BEGIN Data

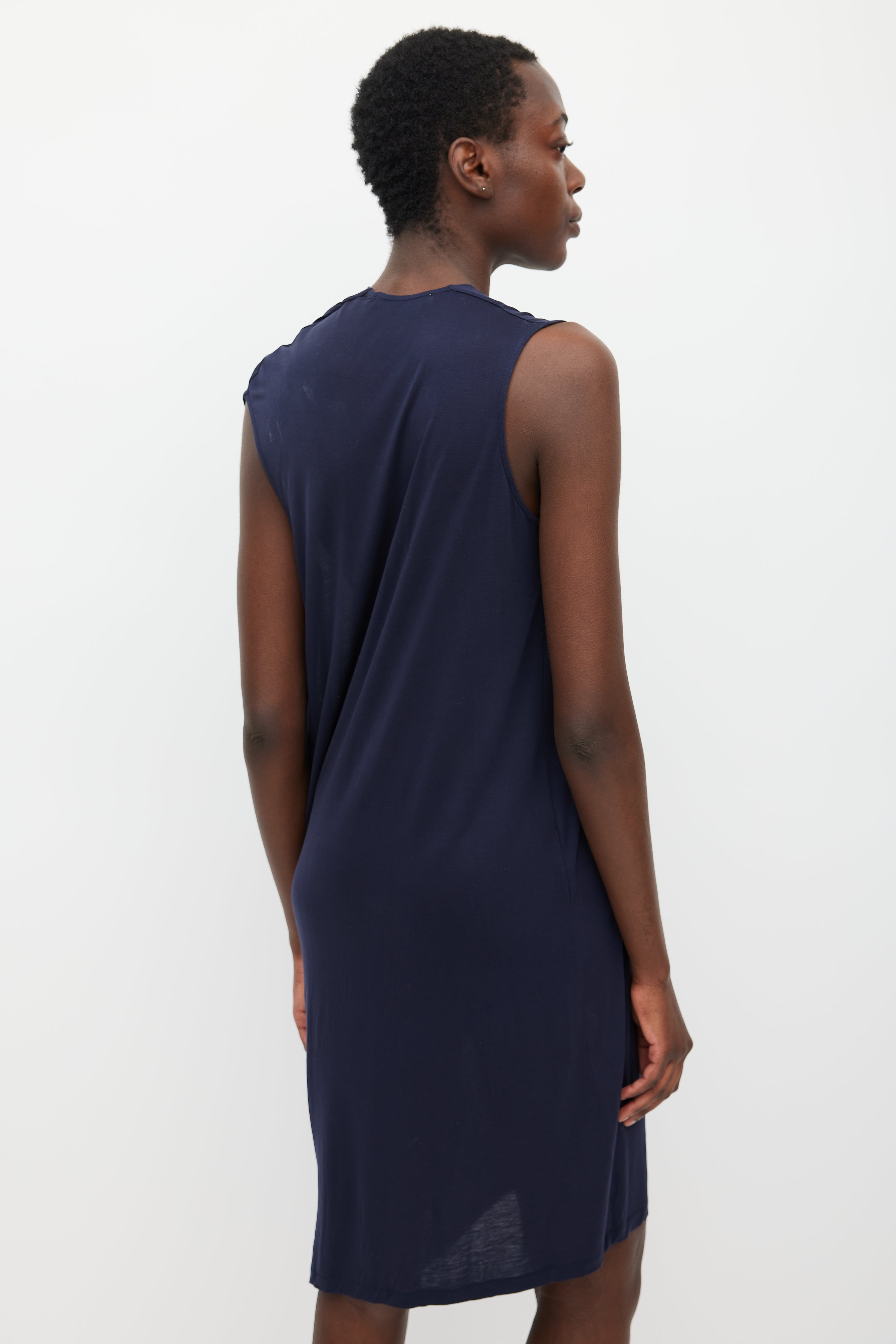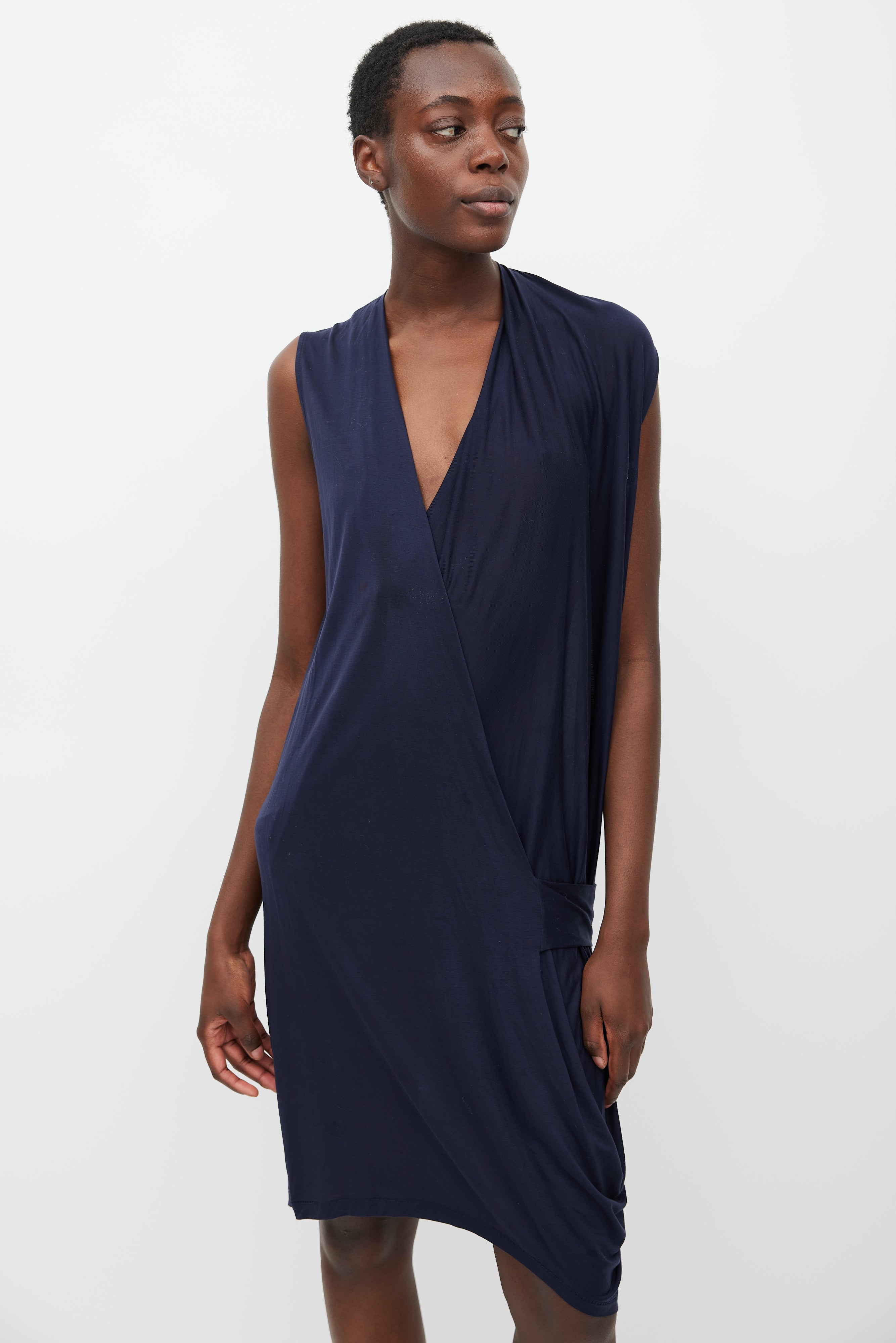 Pre-owned Acne Studios Spring/Summer 2015 navy Natifa sleeveless midi dress featuring a V-neckline, draped construction, and front wrapped effect.
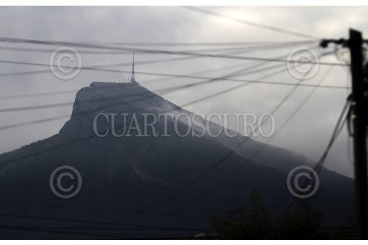 MONTERREY, NUEVO LEÓN, 07ENERO2017.- Se oberva partes congeladas en punta del cerro de la silla, vista de lado, debido a la entrada del frente frío número 21. Las temperaturas en el estado descendieron considerablemente de hasta 0 grados en el municipio de Monterrey. FOTO: GABRIELA PÉREZ MONTIEL /CUARTOSCURO.COM
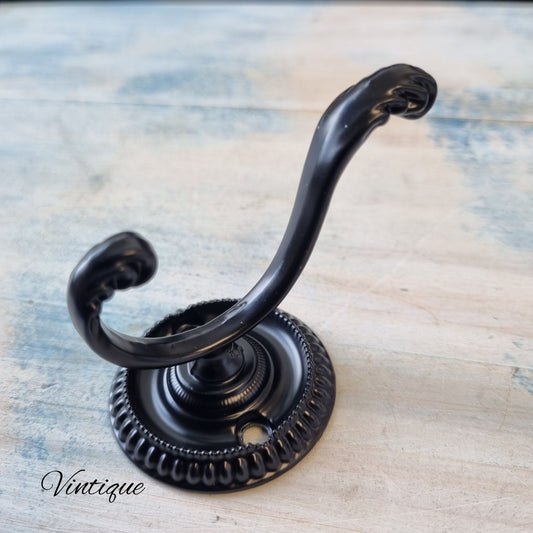 Albert's Black Ornate 2 Prong Robe Hook 65 x 50mm

END Data

## Exercise:
Transcribe all the data word for word; the images stay out.

## Solution for this task:
 Pre-owned Acne Studios Spring/Summer 2015 navy Natifa sleeveless midi dress featuring a V-neckline, draped construction, and front wrapped effect.
 MONTERREY, NUEVO LEÓN, 07ENERO2017.- Se oberva partes congeladas en punta del cerro de la silla, vista de lado, debido a la entrada del frente frío número 21. Las temperaturas en el estado descendieron considerablemente de hasta 0 grados en el municipio de Monterrey. FOTO: GABRIELA PÉREZ MONTIEL /CUARTOSCURO.COM
 Albert's Black Ornate 2 Prong Robe Hook 65 x 50mm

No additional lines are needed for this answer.